Applying a Theory of Change Approach to the Evaluation of Comprehensive Community Initiatives
Progress, Prospects and Problems
This influential paper from the Aspen Institute proposed the ‘Theory of Change Approach' for the Comprehensive Community Initiative (CCI). Three stages in carrying out this approach are identified and elaborated, namely,
- surfacing and articulating a theory of change;
- measuring a CCI's activities and intended outcomes; and
- analyzing and interpreting the results of an evaluation, including their implications for adjusting the initiative's theory of change and its allocation of resources.
What makes this approach different from conventional evaluation process is "CCI theories have multiple strands (economic, political, and social), which operate at many levels (community, institutional, personal network, family, and individual), are co-constructed in a collaborative process by diverse stakeholders, and evolve over the course of the initiative." The TOC approach is defined as "a systematic and cumulative study of the links between activities, outcomes, and contexts of the initiative." Three attributes of an effective TOC approach are that it is plausible, doable, and testable.
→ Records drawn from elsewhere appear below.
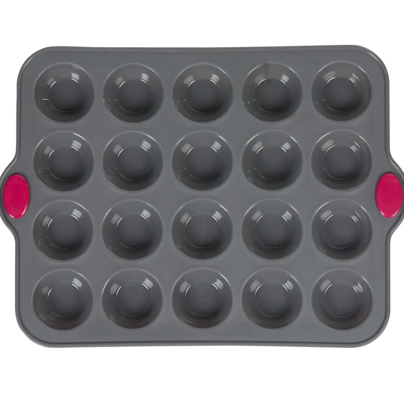Moule en silicone gris pour la cuisson de 20 petits-fours avec armature rigide en acier pour une meilleure stabilité et prise en main.
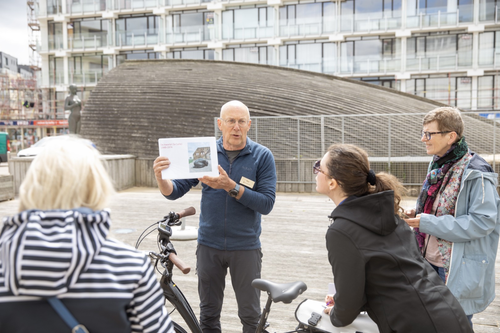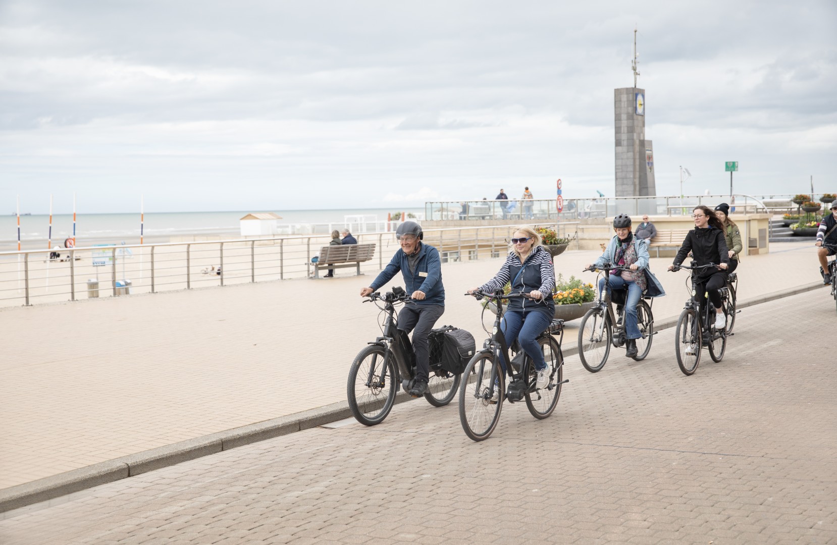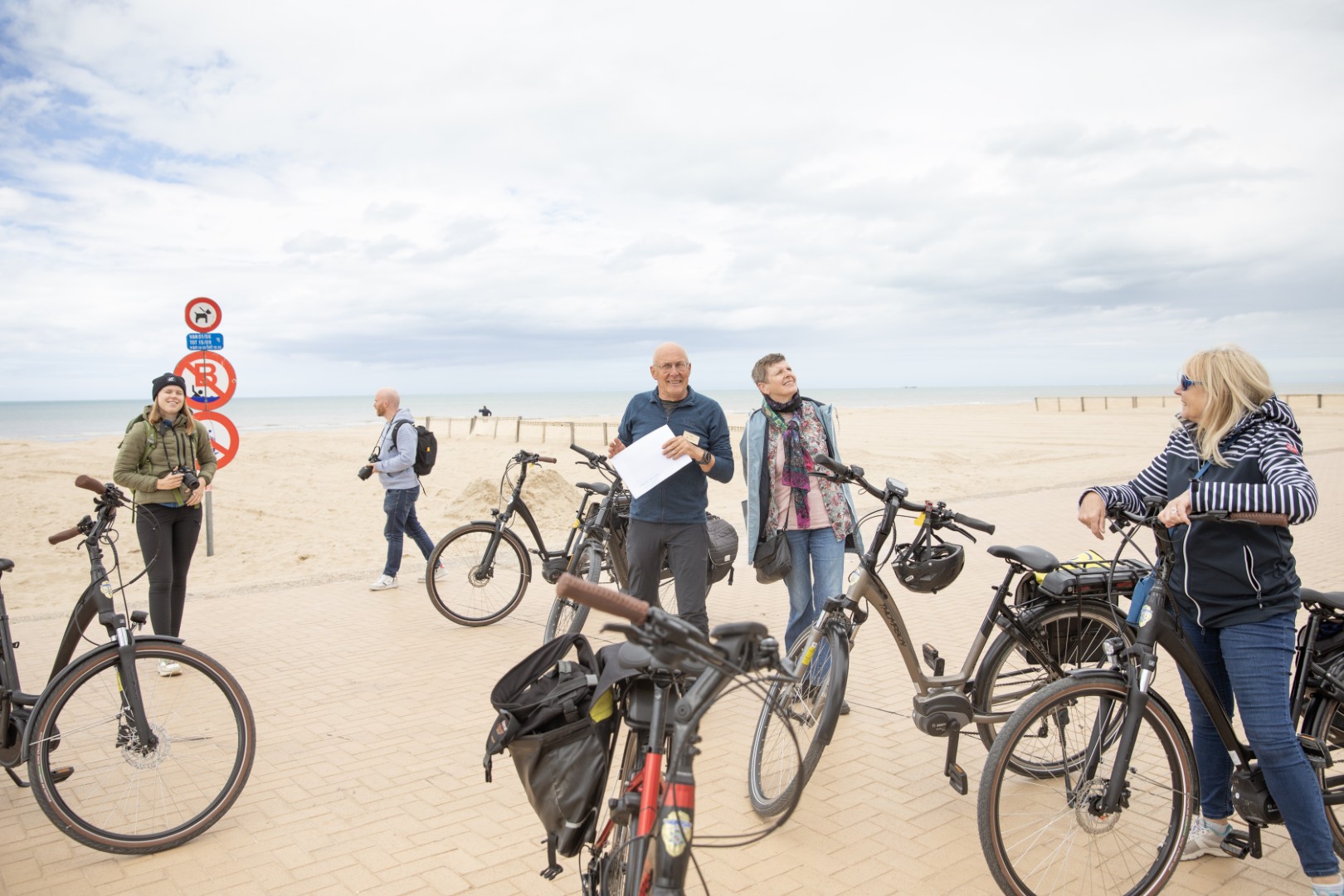Onze eerste activiteit wordt een fietstocht met als startpunt dé klok, het welbekende middelpunt van de Zeedijk. De Koksijde-gids Pol Cockaert staat ons al op te wachten. Hij is niet geboren en getogen aan de kust, maar strandde hier als jongeman en kent ondertussen niet alleen het huidige Koksijde op zijn duimpje, maar ook de geschiedenis van de badstad.
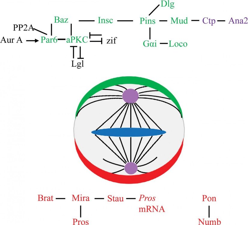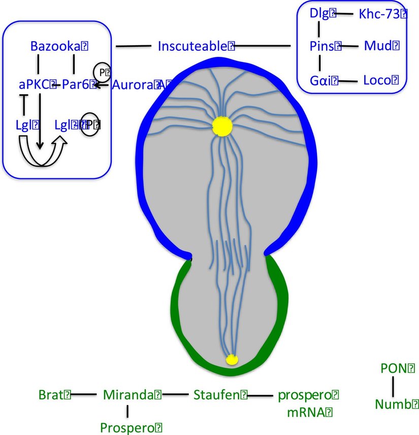 Prospero, Miranda ve Numb kutuplaşmasının ve onların hücre iskeleti üzerindeki etkilerinin sonucu olarak, mitoz bölünmeyle oluşan yavru hücreler bu iki genin protein ürünlerinden farklı miktarlarda alırlar, yani bir hücre bu proteinlerden çokça alırken diğeri neredeyse hiç protein alamaz. Sonrasında da, mitoz hücre bölünmesinin görünürde aynı olan ürünleri hücre farklılaşmasına yol açan temel bir farklılığa sahip olurlar [18]. Açıkça görülüyor ki bu proteinler arasındaki etkileşimi ve hücredeki iğcikleri (ve biçimlerini) anlamak, yolağın tam olarak nasıl işlediğine ışık tutmak için çok önemlidir. Yu ve ark. literatürü inceleyerek Inscuteable ve hücredeki mikrotübüller arasındaki etkileşimi gösteren bazı çalışmaları tespit etmeyi başardılar [19]. Bu çalışmalarda, mikrotübüllerin Inscuteable genine farklı bir bağımlılığı olduğu ele alınıyor, hem yukarıda bahsedilen proteinlerin asimetrik toplanmaları hem de heterotrimerik G gibi bazı başka proteinlerle mikrotübüllerin özellikleri arasında doğrudan bir ilişki olduğu gösteriliyordu.
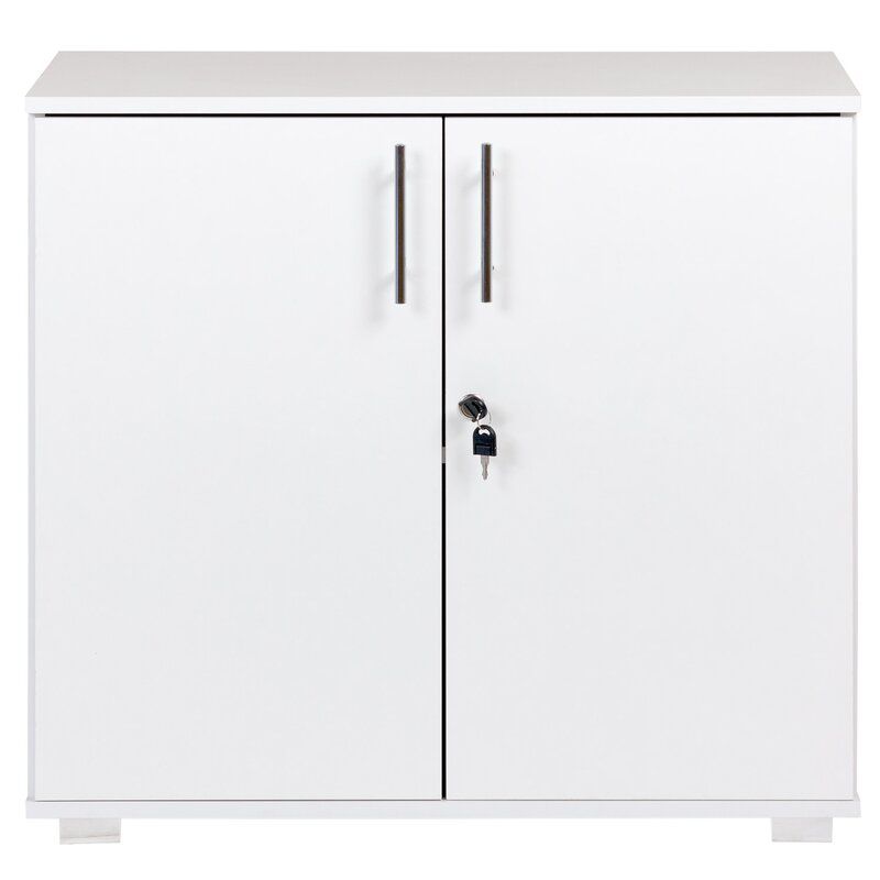 O clássico que nunca sai de moda. Armário baixo para escritório com duas portas e prateleira interna, possui duas portas de giro com fechadura na direita e trinco na esquerda.
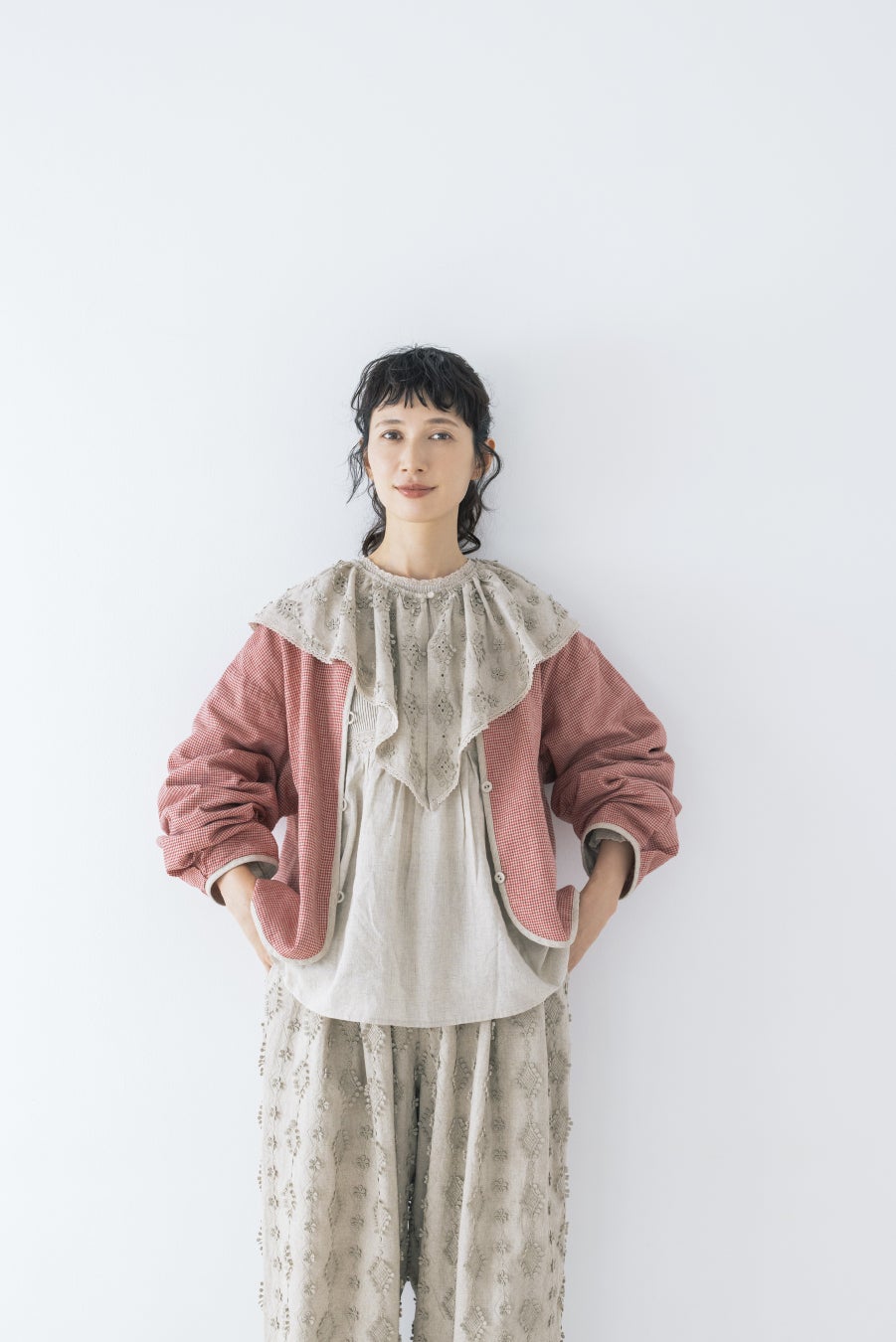 ブラウス感覚で重ね着がしやすい綿麻素材のジャケットは、ギンガムチェックと無地のリバーシブルで着回し力抜群。初の試みとして取り入れた3D刺繍の襟は、お手持ちのTシャツやブラウスに付け替えてアレンジも楽しめます。
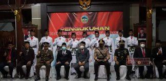 Kabupaten Banyumas - Bupati Banyumas, Ir. Achmad Husein mengukuhkan 9 anggota pasukan pengibar bendera (Paskibra) yang akan bertugas pada upacara peringatan HUT...
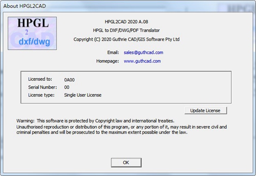 安装后将破解补丁hpgl2cad.exe复制替换到安装目录,之后运行hpgl2cad.exe即可。
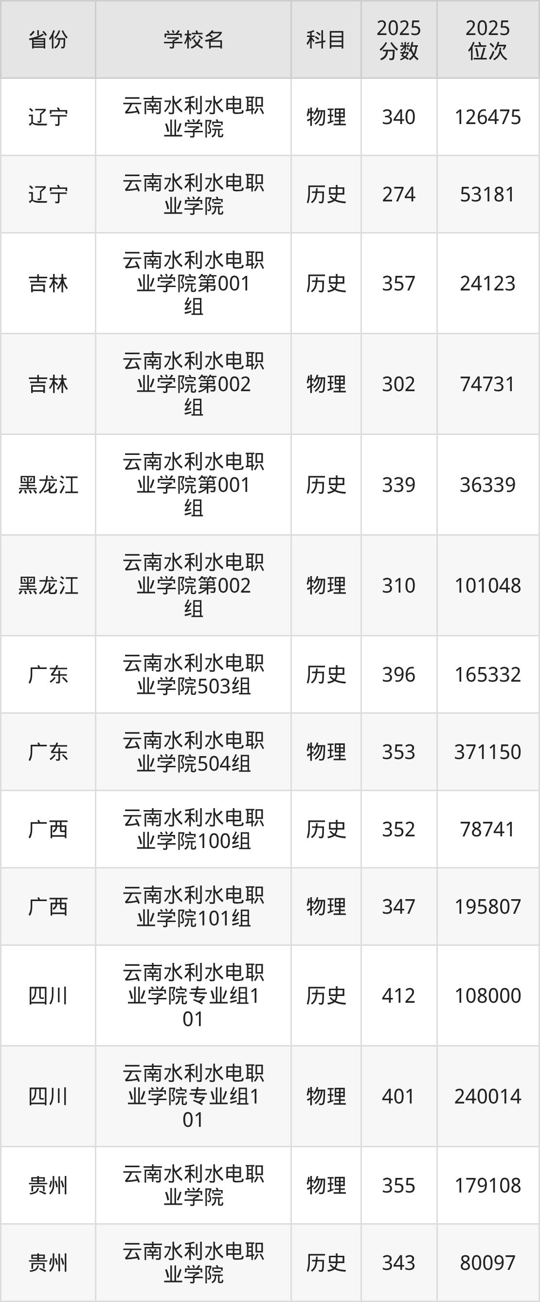 下面是云南水利水电职业学院2025年录取分数线各省汇总,一起来了解下吧。
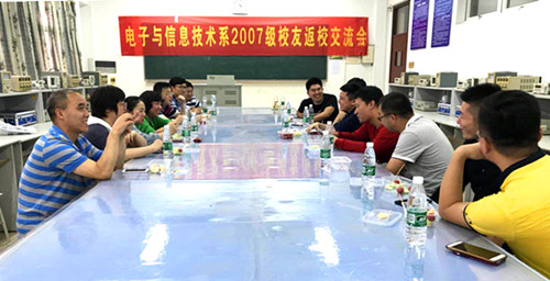 2018年6月9日下午三点,电子与信息技术系2007级电子信息工程技术专业的员工们回到阔别已久的母校,追忆同窗旧事,畅谈人生感悟,展望美好未来。他们在6205教室,他们曾经学习的地方,举行员工返校交流会。交流会由电子与信息技术系副主任祝佳俊主持,徐宏庆、李倩、戴慧、张韬等专业教师,田彦华、华英与部分2007级员工代表共同参加此次活动。
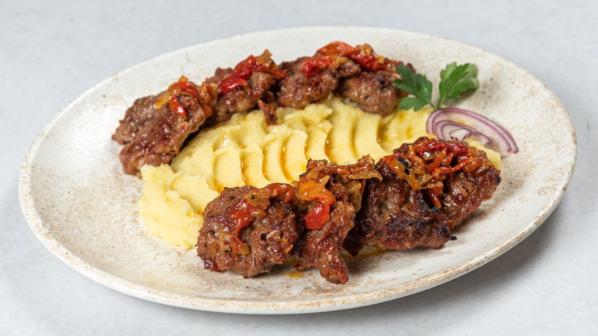 100% juneće meso, pire krompir, sos od kajmaka i pečene paprike
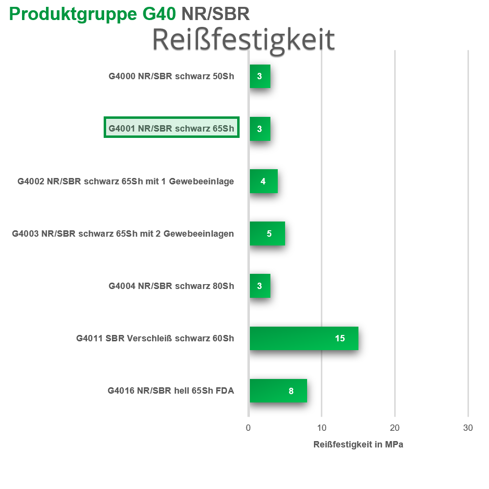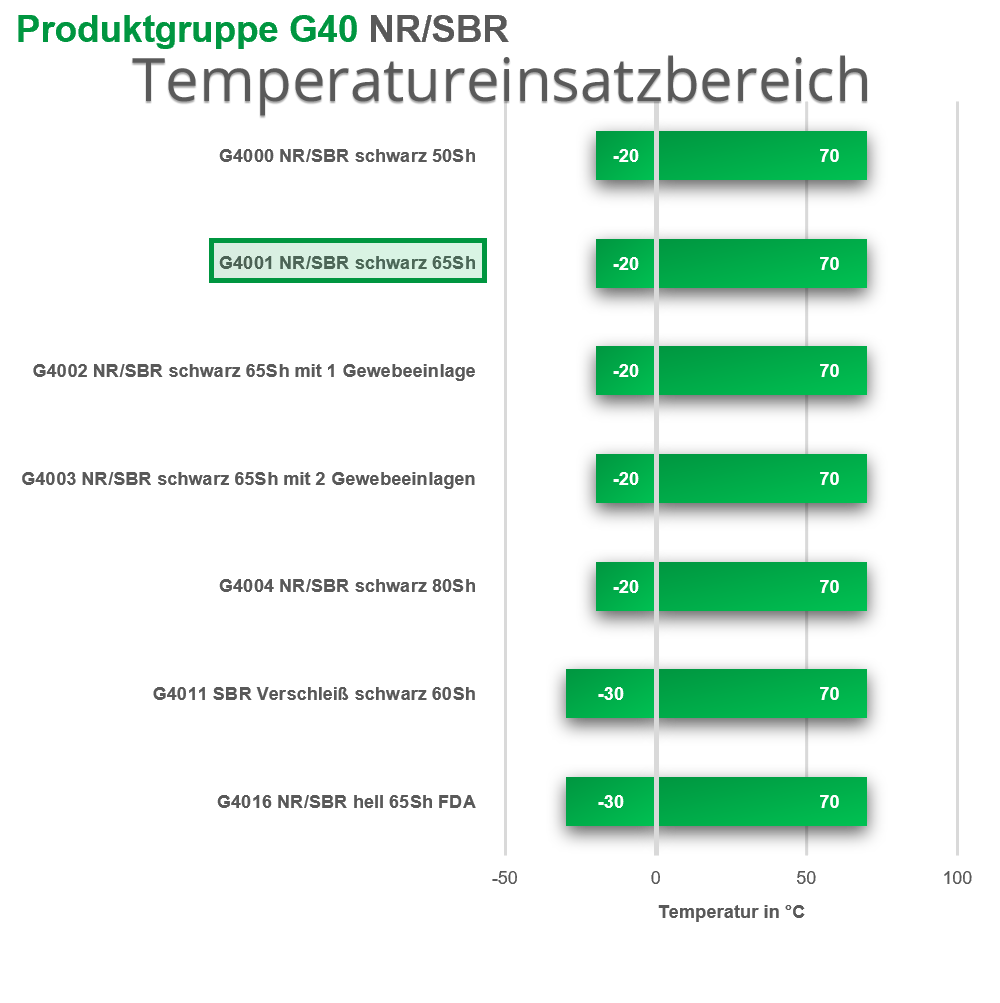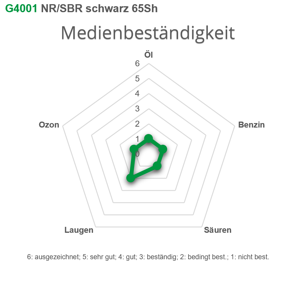 Das NR/SBR Gummi besteht aus Natur- und Styrol-Butadien-Kautschuk und ist die meist eingesetzte Gummimischung für viele einfache Anwendungsgebiete im Innenbereich und im UV geschützten Außenbereich. Das Gummi zeichnet sich durch gute Druckfestigkeit und Elastizität aus, sowie eine gute Beständigkeit gegen Aceton und Alkohol. Die Widerstandfähigkeit gegen Laugen ist bedingt bis gut.
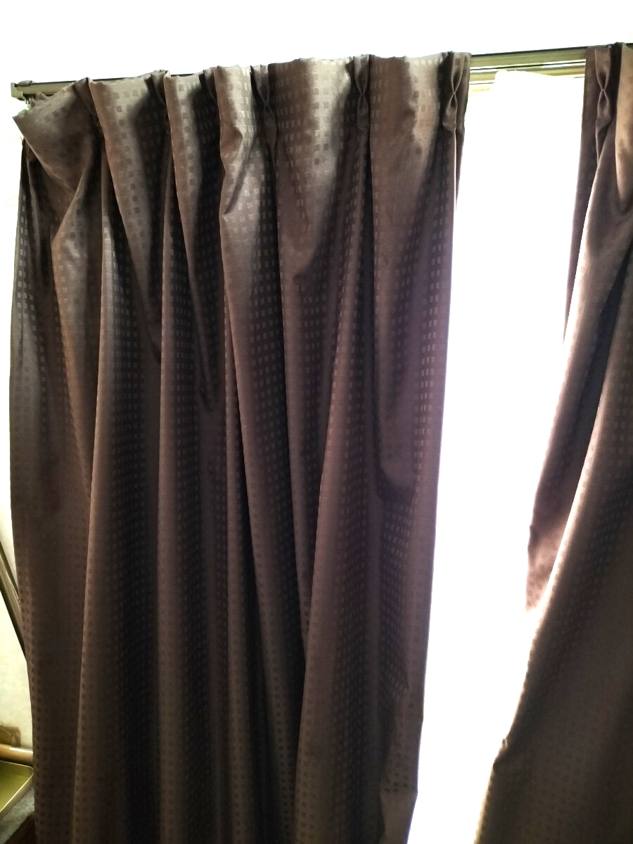- カーテン ブラウン(焦げ茶色) おそらく遮光 難ありタッセル2本有 シンコールリビング 中国製
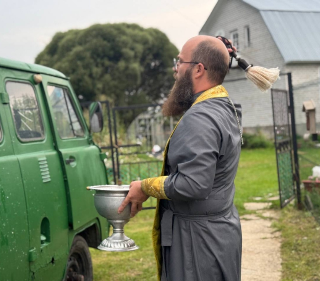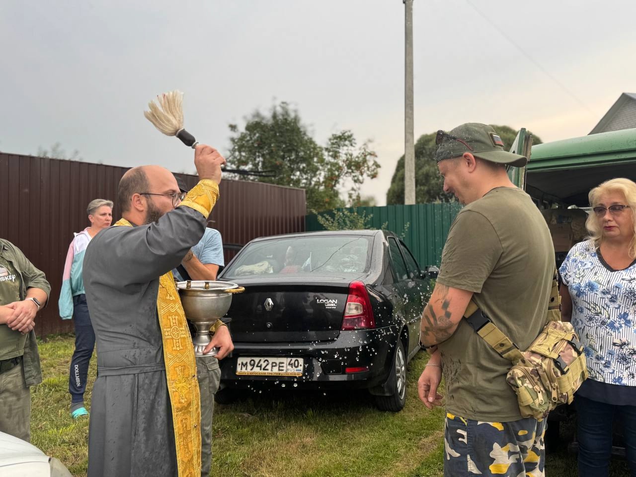 Батюшка вместе с жителями деревни помолился за бойцов и за волонтеров, чтобы те спокойно отвезли гуманитарную помощь. Отец Илья освятил машину на ратные подвиги и окропил святой водой команду «VМЕСТЕ Калуга», благословив их на дорогу. Провожая волонтеров, сказал просто:

The paper provides case examples on how to develop designs that meet this criteria In conclusion, some of the strengths of TOC approach are:
- It generates useful learning over the life span of the initiative and can spawn cross-initiative learning;
- It promotes "collaboration and engagement at the community level focused on products and outcomes;"
- It facilitates the "diffusion of responsibility."
One identified weakness is that stakeholders "need to invest time and political capital in developing plausible, doable, and testable theories of change."